A.L. Taylor, in International Encyclopedia of Public Health, 2008

The Nature and Sources of International Law

Understanding the implications of recent developments in international health law, including those for domestic public health policy, requires some appreciation of the nature of international law and the international political system. Since the end of the Thirty Years War in 1648, the global political system has principally involved the interactions of sovereign states. Consequently, the elaboration of international law has focused on the establishment of consensual rules concerning the status of states and their fundamental rights and obligations as well as commitments. International law, therefore, is primarily focused on the interactions of sovereign states and can broadly be defined as the rules that govern the conduct and relations of states.

International law is traditionally understood as consisting of two core realms: Public international law and private international law. While public international law is primarily concerned with the relations of states, private international law focuses on the law of private transactions of individuals and corporations. The traditional distinction between public and private international law persists even though it is not fully accurate. For example, much of private international law concerns the transactions of public entities. In addition, while states are the primary subjects of public international law, they are not the only subjects. International organizations and, through the development of international human rights law, individuals, as discussed above, are now considered subjects of public international law.

In international law, the sources of legal rules are very different than in most domestic legal systems because the global political system of sovereign states differs fundamentally from domestic political systems. While there are important differences in the sources of law among countries, domestic law generally comes from national constitutions, municipal statutes, parliamentary or executive regulations, and decisions of municipal courts. In contrast to domestic political systems, there is generally no supranational authority within the international system to develop and enforce law against sovereign states. In the absence of a supranational authority, states establish the rules of international law. Article 38(1) of the Statute of the International Court of Justice is generally regarded as an authoritative list of the sources of international law (Table 2).
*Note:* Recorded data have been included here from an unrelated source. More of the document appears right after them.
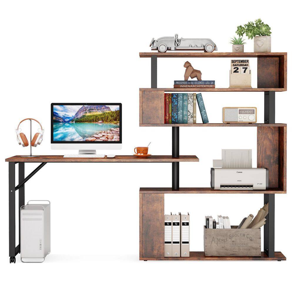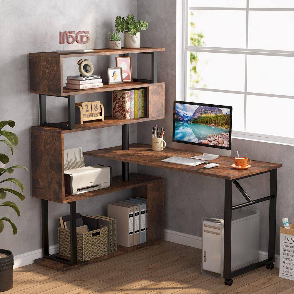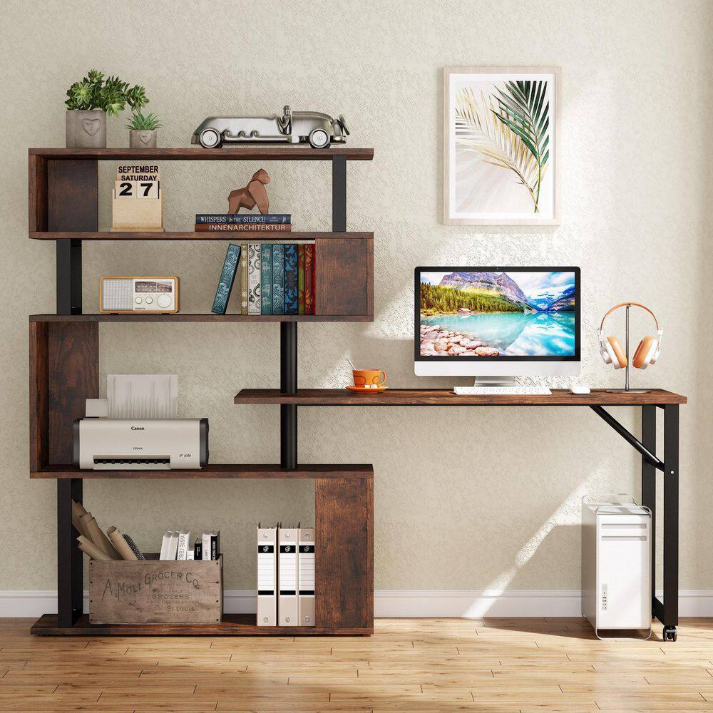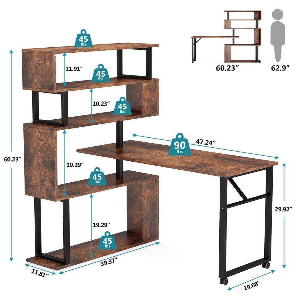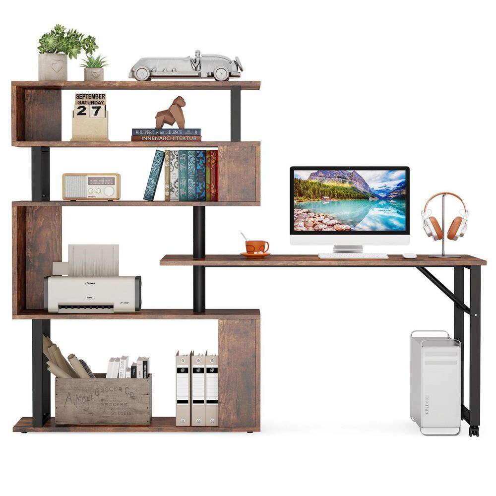 TRIBESIGNS WAY TO ORIGIN Halsey 47 in. W Reversible L-Shaped Brown Wood Corner Computer Desk Writing Studying Reading Desk 5-Tier Storage Shelves
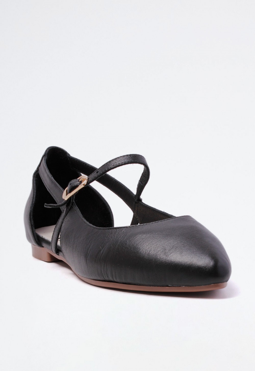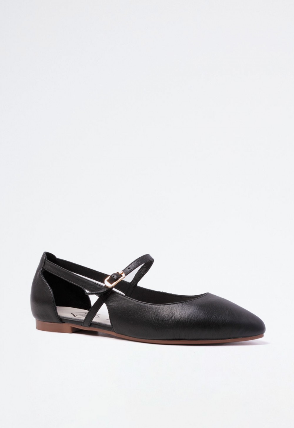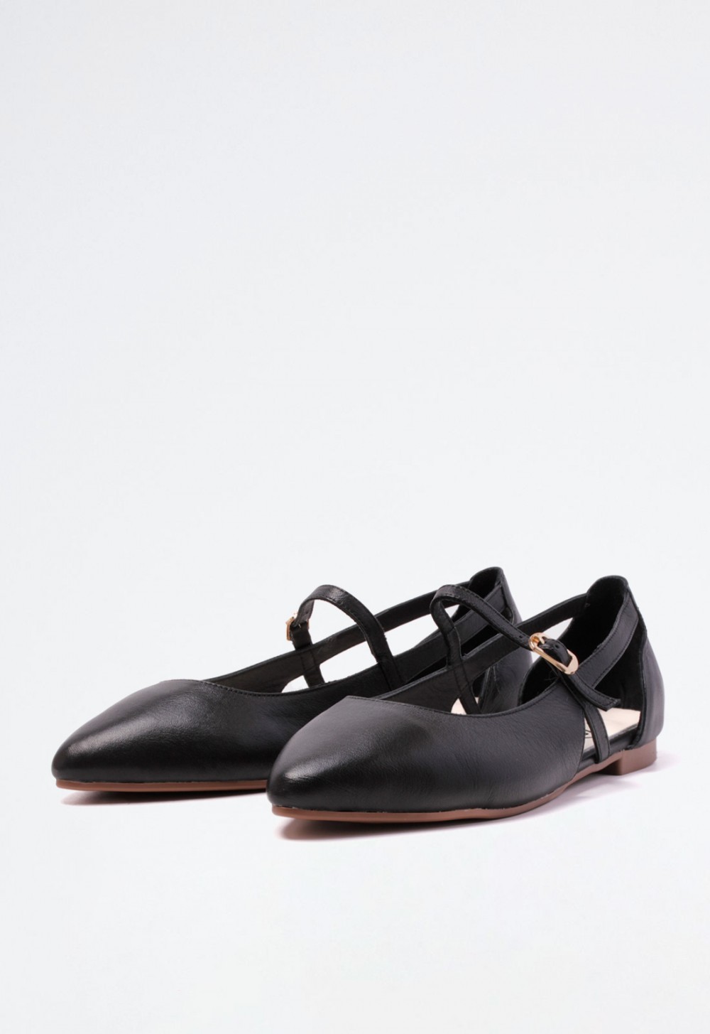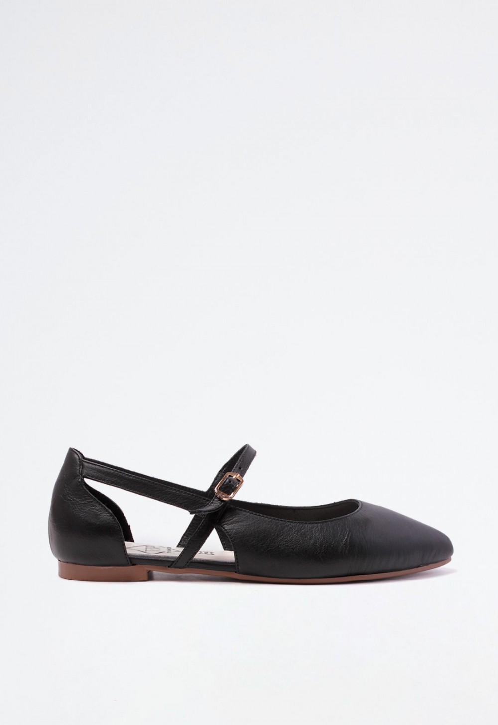 Esta bailarina plana destaca por su diseño abierto en los laterales, que aporta frescura y ligereza visual. Está fabricada en piel, lo que asegura suavidad, durabilidad y un acabado sofisticado.
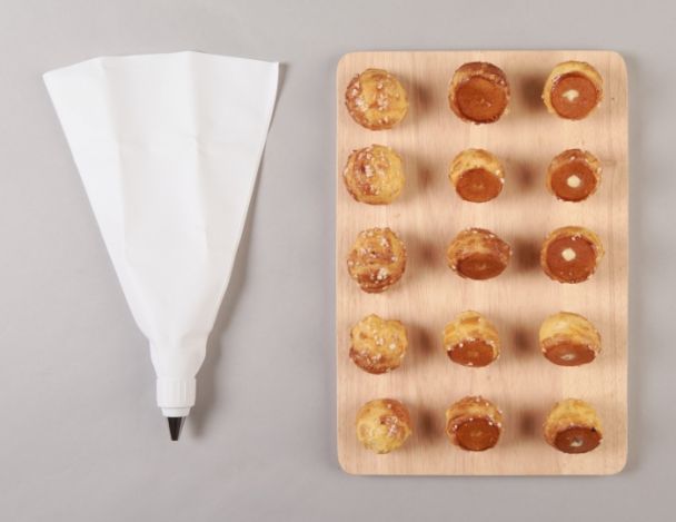 A la fin de la cuisson, laisser refroidir les choux à température ambiante. Au moment de garnir les chouquettes, fouetter vivement la crème pâtissière pendant 50 secondes afin d’y incorporer beaucoup d’air et donc de l’alléger. A l'aide d'une poche à douille, garnir les choux avec de la crème à la vanille jusqu’à les faire « exploser », en faisant un trou par le dessous.
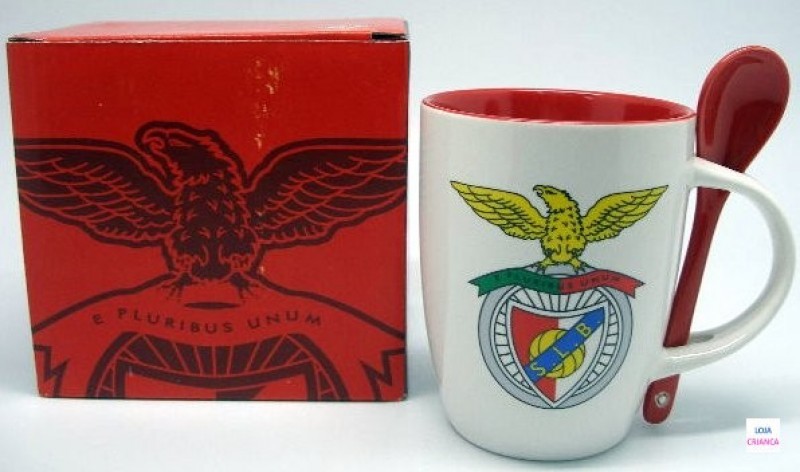 Caneca com Colher do SLB Benfica, caneca de ceramica branca por fora e vermelha por dentro o emblema do benfica, com uma colher vermelha.
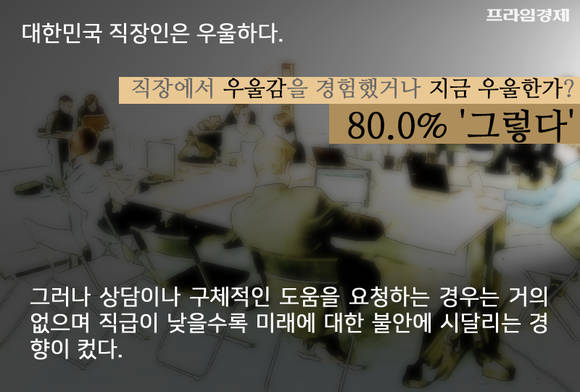 [프라임경제] 대한민국 직장인 10명 중 8명은 우울하다. 그러나 상담이나 구체적인 도움을 요청하는 경우는 거의 없으며 직급이 낮으면 미래에 대한 불안에 시달리는 경향이 컸다.
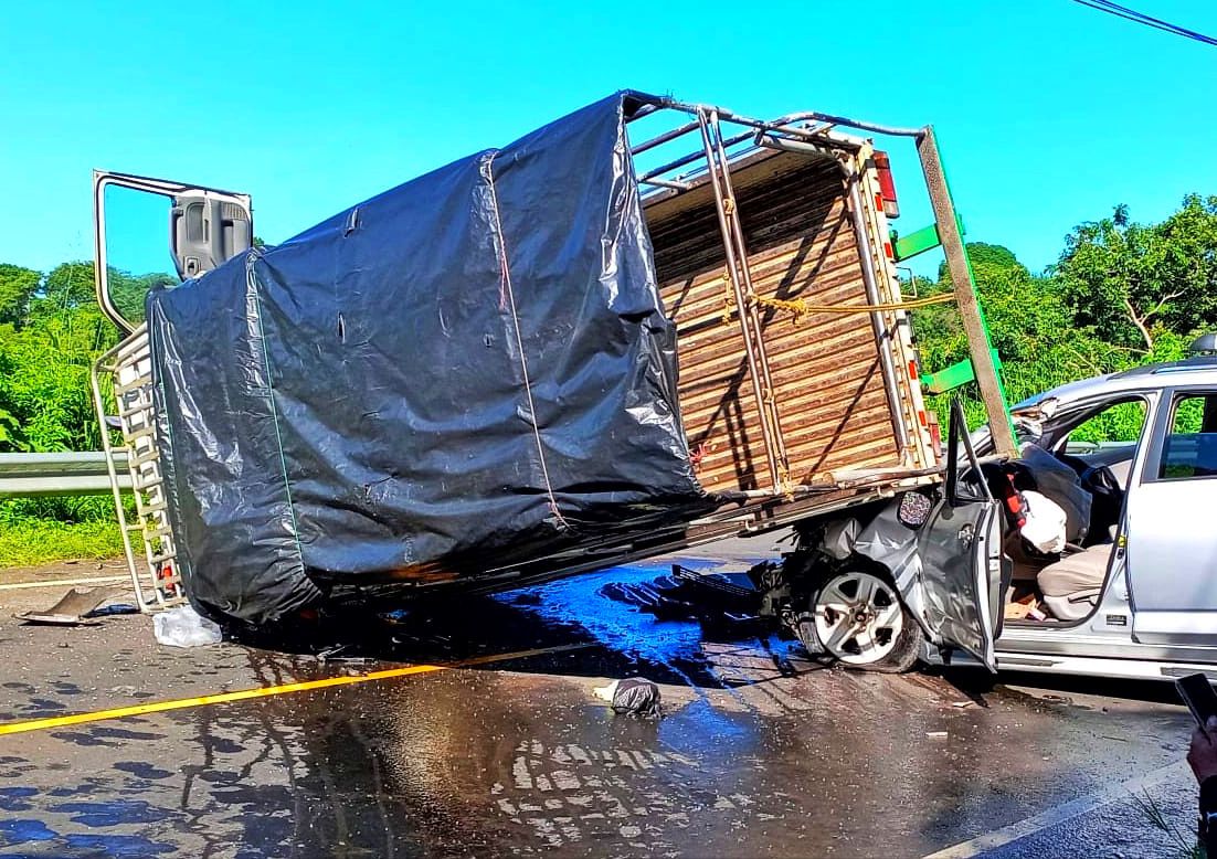 Un accidente de tránsito en el kilómetro 74 de la carretera que conduce de Sonsonate a Salcoatitán dejó como saldo varias personas heridas. El siniestro se produjo luego de que un vehículo particular colisionara contra un camión que transportaba pasajeros, lo cual ocasionó que este volcara.

Table 2. Statute of the International Court of Justice

The Court, whose function it is to decide in accordance with international law such disputes as are submitted to it, shall apply:
a. international conventions, whether general or particular, establishing rules expressly recognized by the contesting States:
b. international custom, as evidence of a general practice accepted as law;
c. the general principles of law recognized by civilized nations;
d. subject to the provisions of Article 59, judicial decisions and the teachings of the most highly qualified publicists of the various nations, as subsidiary means for the determination of rules of law

Although there is a wide and complex array of international legal sources, most international law today, including international public health law, can be found in treaties. The word treaty is a generic term that encompasses all written instruments concluded between states by which states establish obligations by and among themselves. Treaties function essentially as contracts between states whereby states make binding written rules to govern their own conduct and the conduct of their individual and corporate nationals. When states become parties to treaties, they explicitly agree to limit their sovereign freedom of action in some respect to achieve mutually agreed-upon goals. Generally, treaties are only binding upon states that give their express written consent.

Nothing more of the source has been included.